Macrophage (M-tropic) strains of HIV-1, or non-syncitia-inducing strains (NSI) use the beta-chemokine receptor CCR5 for entry and are thus able to replicate in macrophages and CD4+ T-cells. These strains are now called R5 viruses. The normal ligands for this receptor—RANTES, macrophage inflammatory protein (MIP)-1β and MIP-1α—are able to suppress HIV-1 infection in vitro. This CCR5 coreceptor is used by almost all primary HIV-1 isolates regardless of viral genetic subtype.

T-tropic isolates, or syncitia-inducing (SI) strains replicate in primary CD4+ T-cells as well as in macrophages and use the alpha-chemokine receptor, CXCR4, for entry. These strains are now called X4 viruses. The alpha-chemokine SDF-1, a ligand for CXCR4, suppresses replication of T-tropic HIV-1 isolates. It does this by downregulating the expression of CXCR4 on the surface of these cells.

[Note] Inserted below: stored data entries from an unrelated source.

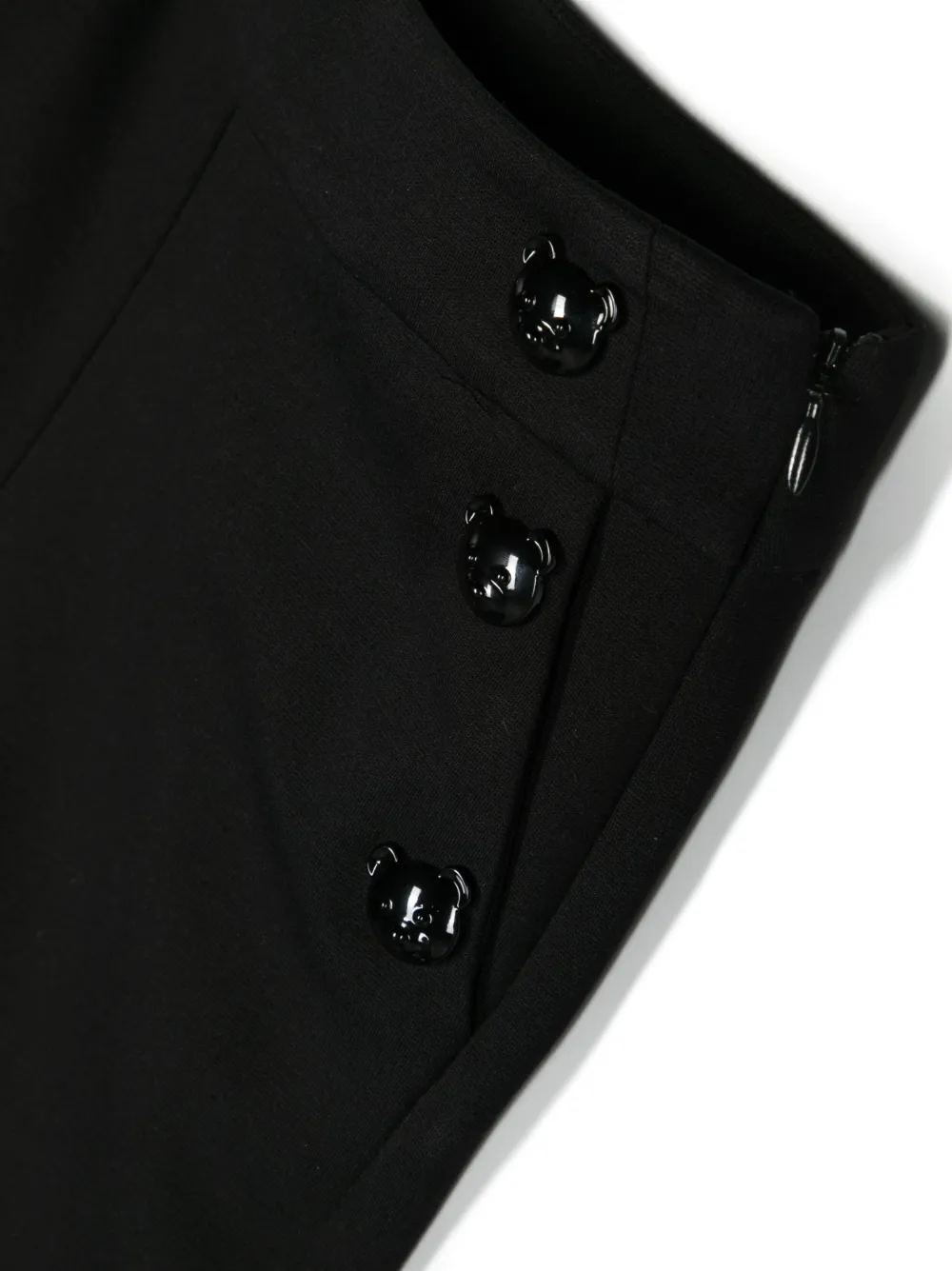 Черный, декор Teddy Bear, декоративные пуговицы, принт с логотипом сзади, застежка на молнии сбоку, два прорезных кармана по бокам и прямой крой.
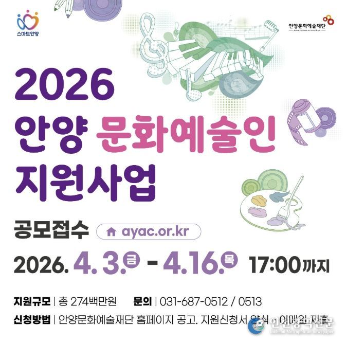 [인천광역신문] 최예준 기자 | 안양문화예술재단은 지역 예술인의 창작활동을 지원하고 문화예술 진흥을 도모하기 위한 ‘2026년 안양 문화예술인 지원사업’ 희망자를 오는 16일 17시까지 공개 모집한다.
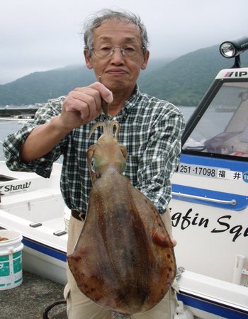 早朝エギングで、引田(父)さんアオリイカGET!
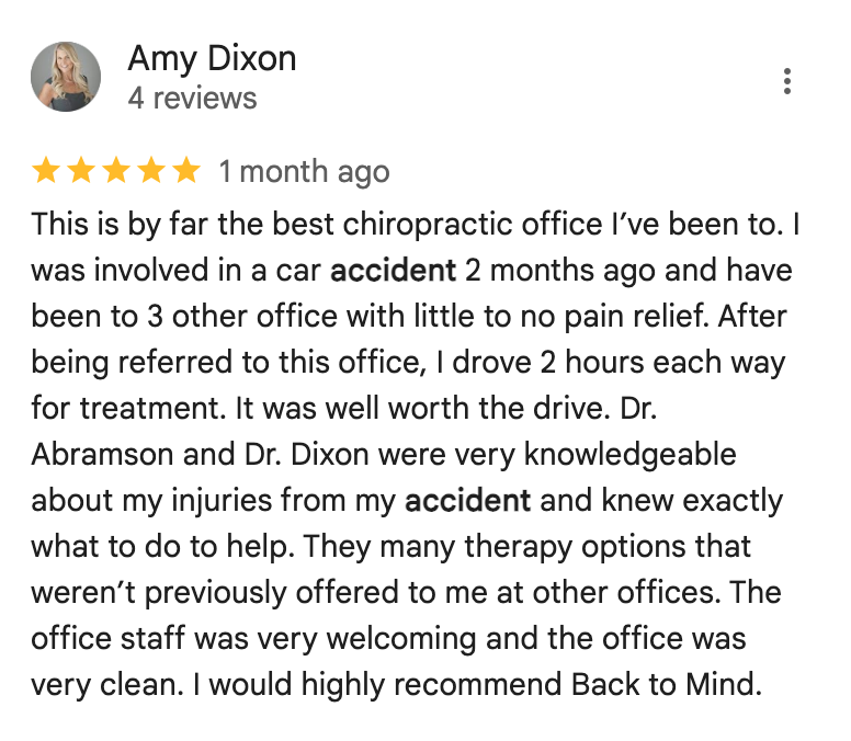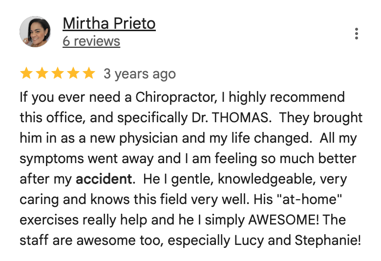 25 Years of experience treating patients with whiplash, neck pain, back injuries, and post-accident trauma.

Viruses that use only the CCR5 receptor are termed R5, those that only use CXCR4 are termed X4, and those that use both, X4R5. However, the use of a coreceptor alone does not explain viral tropism, as not all R5 viruses are able to use CCR5 on macrophages for a productive infection.

==Trofile assay==
The Trofile assay is a blood test that identifies the tropism of a patient's HIV. A molecular assay, Trofile was developed by Monogram Biosciences for use in HIV treatment. The assay's purpose is to identify the tropism of an individual patient's HIV strain – R5, X4, or a combination of these known as dual/mixed (D/M). The results show whether the patient is infected with virus that enters cells using the R5 co-receptor, the X4 co-receptor, or both (dual/mixed). Patients with strains of HIV that prefer the R5 receptor tend to remain healthy longer than those with the strains that prefer X4. However, over the course of the disease, a patient's viral population may undergo a "tropism switch" from R5 to X4.